Gracias de antemano!


----------



## dragondgold (Mar 14, 2010)

Yo tuve un problema similar con uno de mis robots y se debía a la alimentación, verifica si al tensión cae cuando los motores cambian de sentido el problema podía estar por ahí, proba con una fuente de alimentación para sacarte las dudas.

Saludos

PD: si podes poner un esquema sería mejor


----------



## palancana (Mar 16, 2010)

Este es el esquema:

Scan-100315-0001 (1).jpg

Actualmente he conseguido que el motor y la parte del circuito que no iba, funcione perfectamente. Sin embargo, ahora la otra parte no funciona… cuando acciono ese final de carrera no funciona, y con el tester he comprobado que no hace ninguna acción. Y el final de carrera no es… así que mañana iré poco a poco hacia atrás hasta encontrar en la pista algún error… aunque seguro que es algún componente…
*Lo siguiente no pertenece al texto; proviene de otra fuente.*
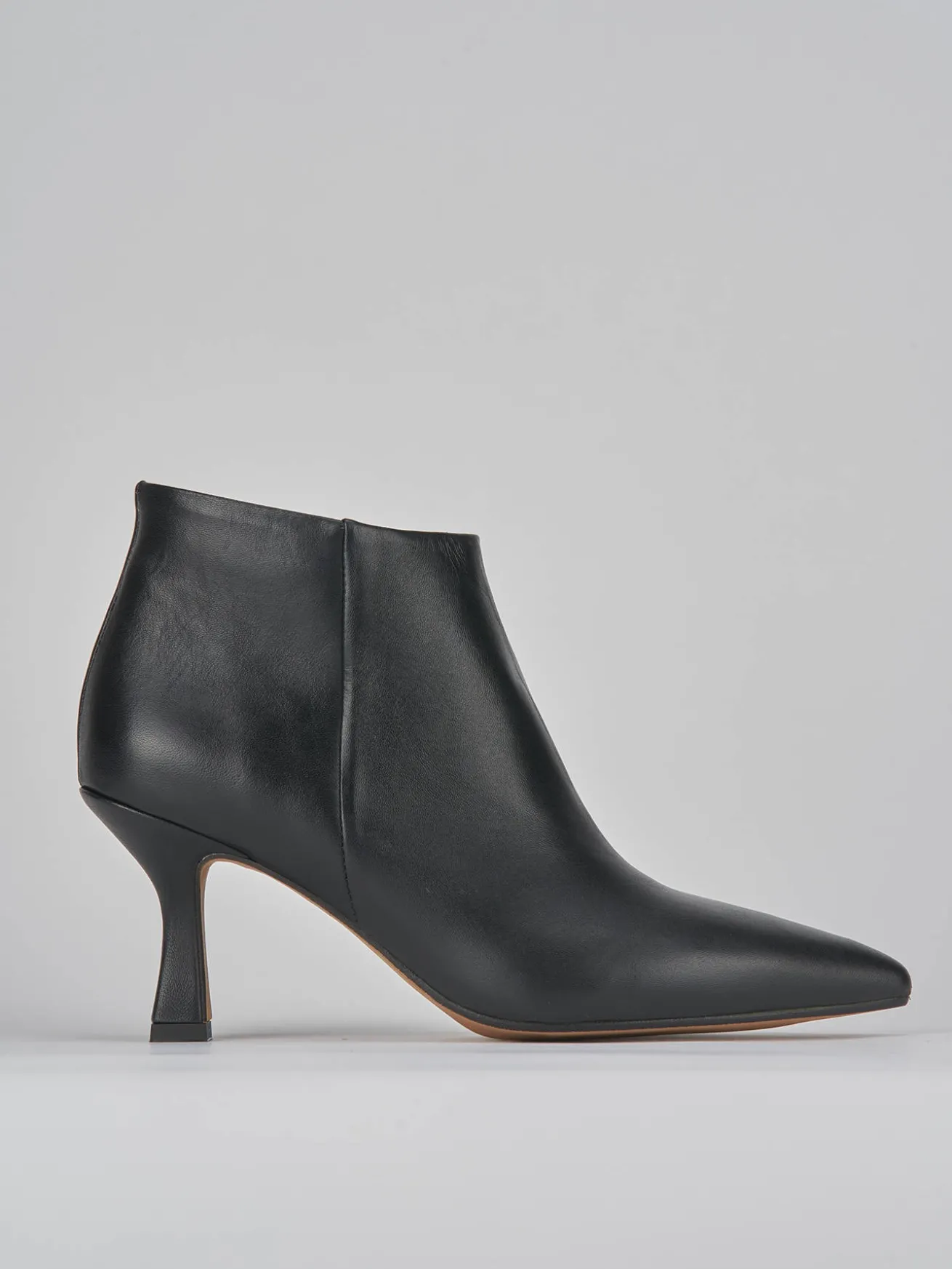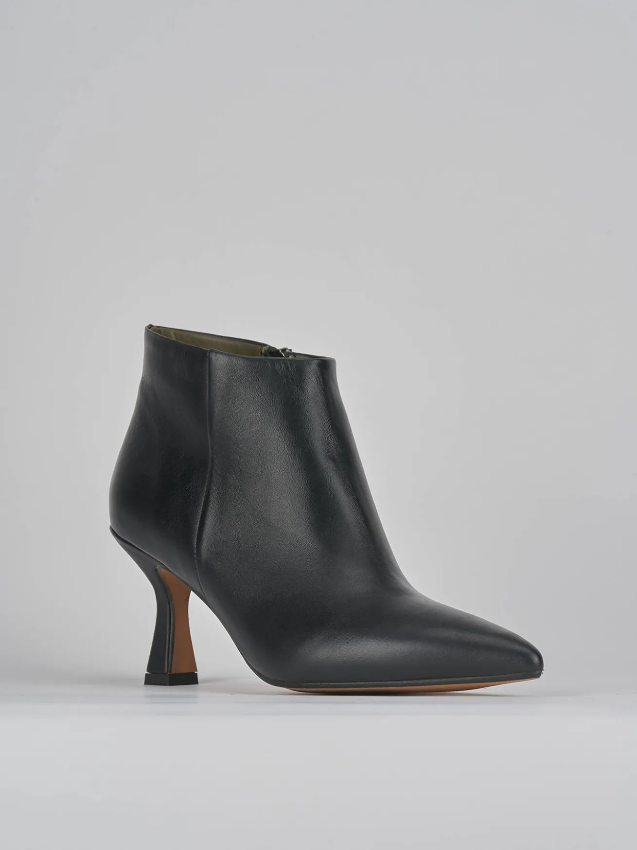 Stivaletto tacco 7 cm fondo in gomma e soletto interno in vera pelle. Tomaia in morbida pelle di ottima qualità, punta sfilata, cerniera laterale e tacco a rocchetto per un look di classe.

Drogandgold, la fuente de alimentación la utilizo siempre, pero no se por qué lo tengo que tener a 6V (lo que necesita) pero con la intensidad al máxima, sino, el relé no cambia. Alguna sugerencia? A todo esto, cuando le ponga pilas AA, le llegará al robot con esa intensidad? Gracias por la respuesta!


----------



## dragondgold (Mar 16, 2010)

Cual sería la intensidad máxima? Te fijaste de que los relés sean de 6 o 5V? Verifica los transistores que son los que activan los reles si no tienen ganancia baja o esta alguno dañado.

Saludos


----------



## palancana (Mar 16, 2010)

Ok, mañana chequeo (es que lo tengo en el taller, no en casa) y te concreto. Gracias por la respuesta


----------



## palancana (Mar 18, 2010)

Los relés son de 6V. Los transistores correctos. Ningún motor cambia de sentido, alguna otra opción?


----------



## pablofunes90 (Mar 18, 2010)

no me gusta la idea de los reles alimentados por pilas... de todas maneras probalos con fuente, fijate cuanto consumen y asegurate que las pilas sean capaces de alimentar los dos reles al mismo tiempo junto con los dos motores y que el circuito no caiga...
desconecta los motores y proba el circuito manualmente activando con la mano los finales de carrera y escuchando la conmutacion de los reles....
esto que te digo se llama aislar problemas hasta encontrarlo... aplicalo
saludos


----------



## RBX374 (Mar 19, 2010)

Eso mismo te iba a decir yo. Divide y vencerás 
Mi hermano hizo algo similar y acabé por hacerlo funcionar yo.

Comprueba esto:
-Desconecta los motores, y activa el sensor, deberias oír el funcionamiente de la relé si los transistores y la rele funcionan perfectamente.

-Conecta manualmente la relé  (sin transistor, le metes tu un cable) y comprueba si el motor funciona.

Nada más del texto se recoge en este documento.